Write out the data word for word, taking care that no picture is carried over.

* DATA EXCERPT *
***

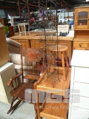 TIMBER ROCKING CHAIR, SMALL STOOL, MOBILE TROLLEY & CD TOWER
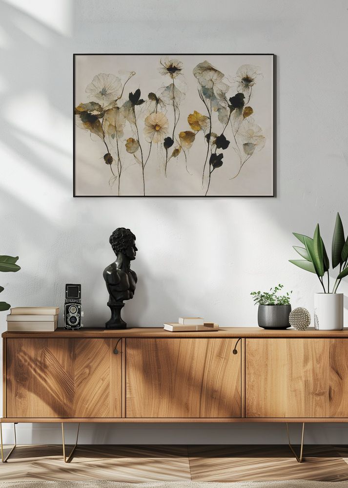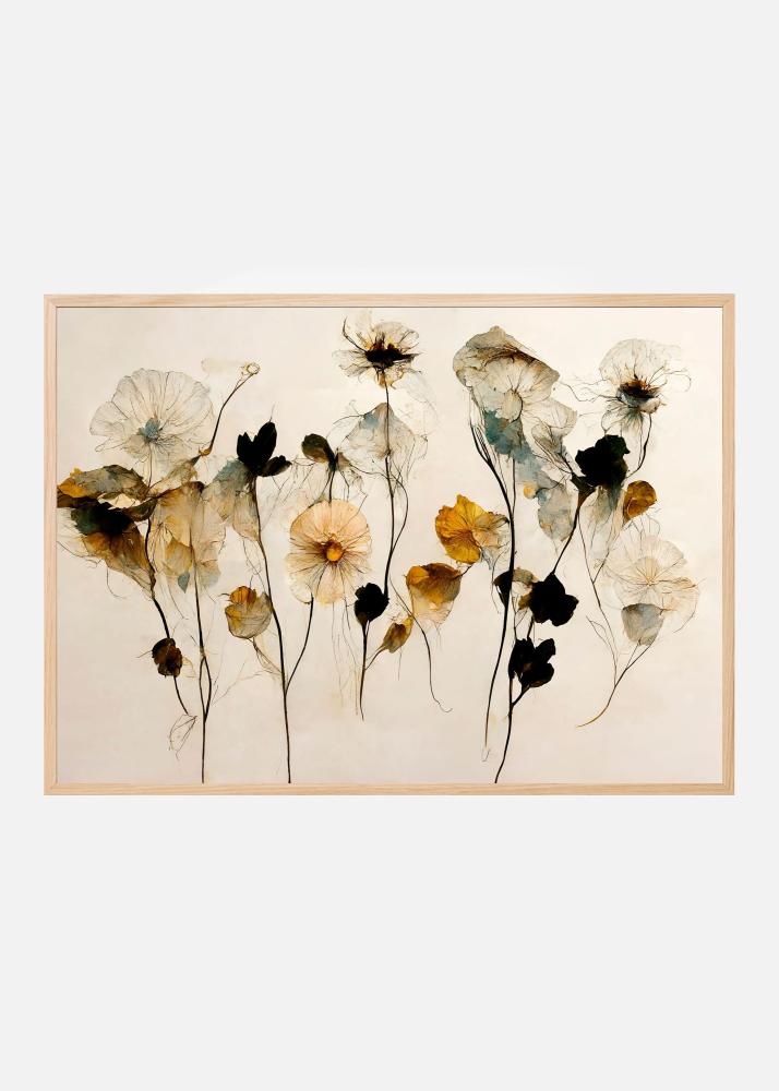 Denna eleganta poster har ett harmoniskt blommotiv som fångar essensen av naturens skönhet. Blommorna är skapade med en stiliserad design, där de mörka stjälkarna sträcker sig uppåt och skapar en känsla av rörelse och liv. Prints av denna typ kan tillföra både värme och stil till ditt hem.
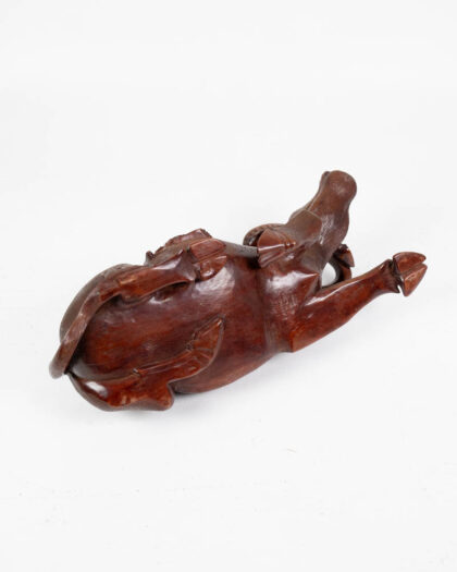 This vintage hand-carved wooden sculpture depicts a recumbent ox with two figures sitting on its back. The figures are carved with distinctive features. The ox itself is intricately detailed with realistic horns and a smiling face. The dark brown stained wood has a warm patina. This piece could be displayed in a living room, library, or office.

***

* TASK OUTPUT *
 TIMBER ROCKING CHAIR, SMALL STOOL, MOBILE TROLLEY & CD TOWER
 Denna eleganta poster har ett harmoniskt blommotiv som fångar essensen av naturens skönhet. Blommorna är skapade med en stiliserad design, där de mörka stjälkarna sträcker sig uppåt och skapar en känsla av rörelse och liv. Prints av denna typ kan tillföra både värme och stil till ditt hem.
 This vintage hand-carved wooden sculpture depicts a recumbent ox with two figures sitting on its back. The figures are carved with distinctive features. The ox itself is intricately detailed with realistic horns and a smiling face. The dark brown stained wood has a warm patina. This piece could be displayed in a living room, library, or office.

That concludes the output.